Three decades and many revisions later, that exercise in nostalgia has evolved into a new play, Suicide Math, which will debut Aug. 13 at the New York International Fringe Festival. It is Shankman’s first New York City production as a playwright.

Shankman, who majored in philosophy and performed in Theatre Intime as an undergraduate, studied acting in Chicago after graduation and landed roles in two Broadway shows (Once in a Lifetime and Grease). He eventually left the theater world to work in real estate and software development. But in recent years, he has rekindled his interest in the arts, earning an MFA at Sarah Lawrence College and beginning a new career as a writer and playwright. He plans to return to the stage in a new solo piece, Kiss Your Brutal Hands, that will be part of New York’s United Solo Theater Festival in October.

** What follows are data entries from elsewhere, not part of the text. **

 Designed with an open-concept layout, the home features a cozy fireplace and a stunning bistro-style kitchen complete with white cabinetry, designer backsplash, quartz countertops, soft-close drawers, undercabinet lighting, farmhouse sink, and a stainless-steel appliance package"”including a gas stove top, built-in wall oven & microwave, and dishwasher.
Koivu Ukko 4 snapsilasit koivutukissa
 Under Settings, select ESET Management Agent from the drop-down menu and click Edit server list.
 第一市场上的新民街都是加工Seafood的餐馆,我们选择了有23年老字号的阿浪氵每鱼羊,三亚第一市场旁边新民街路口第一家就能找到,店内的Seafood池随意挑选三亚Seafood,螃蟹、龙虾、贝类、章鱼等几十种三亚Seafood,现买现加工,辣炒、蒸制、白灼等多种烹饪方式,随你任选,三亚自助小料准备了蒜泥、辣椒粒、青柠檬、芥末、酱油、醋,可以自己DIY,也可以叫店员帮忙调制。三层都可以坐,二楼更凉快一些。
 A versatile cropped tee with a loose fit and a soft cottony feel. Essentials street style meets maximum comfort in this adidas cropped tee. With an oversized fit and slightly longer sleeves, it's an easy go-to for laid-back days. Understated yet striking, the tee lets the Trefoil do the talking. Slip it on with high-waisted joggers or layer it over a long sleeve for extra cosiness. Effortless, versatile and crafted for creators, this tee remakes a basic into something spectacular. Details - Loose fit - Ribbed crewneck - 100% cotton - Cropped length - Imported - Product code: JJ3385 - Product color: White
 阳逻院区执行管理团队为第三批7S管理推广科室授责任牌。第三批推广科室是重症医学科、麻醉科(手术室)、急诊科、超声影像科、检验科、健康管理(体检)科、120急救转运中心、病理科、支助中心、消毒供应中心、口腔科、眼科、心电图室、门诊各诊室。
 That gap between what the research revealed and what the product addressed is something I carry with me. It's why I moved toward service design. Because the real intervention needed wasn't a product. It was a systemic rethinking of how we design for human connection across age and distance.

While Suicide Math is set at Princeton, the story is less about the specifics of time and place and more about the coming-of-age experience of dealing with loss and grief, Shankman says. In earlier drafts of the play, he created characters who survived by their own wits, with little help from one another, but in the current incarnation, the interpersonal relationships have changed.

“I realized at some point I was writing about three people who can’t save themselves but are genuinely trying to save each other — kind of like group therapy where your own problems are impossible for you to understand but everybody else in the room is transparent to you,” Shankman says. “I didn’t want to abandon the characters anymore. I really wanted to save them.”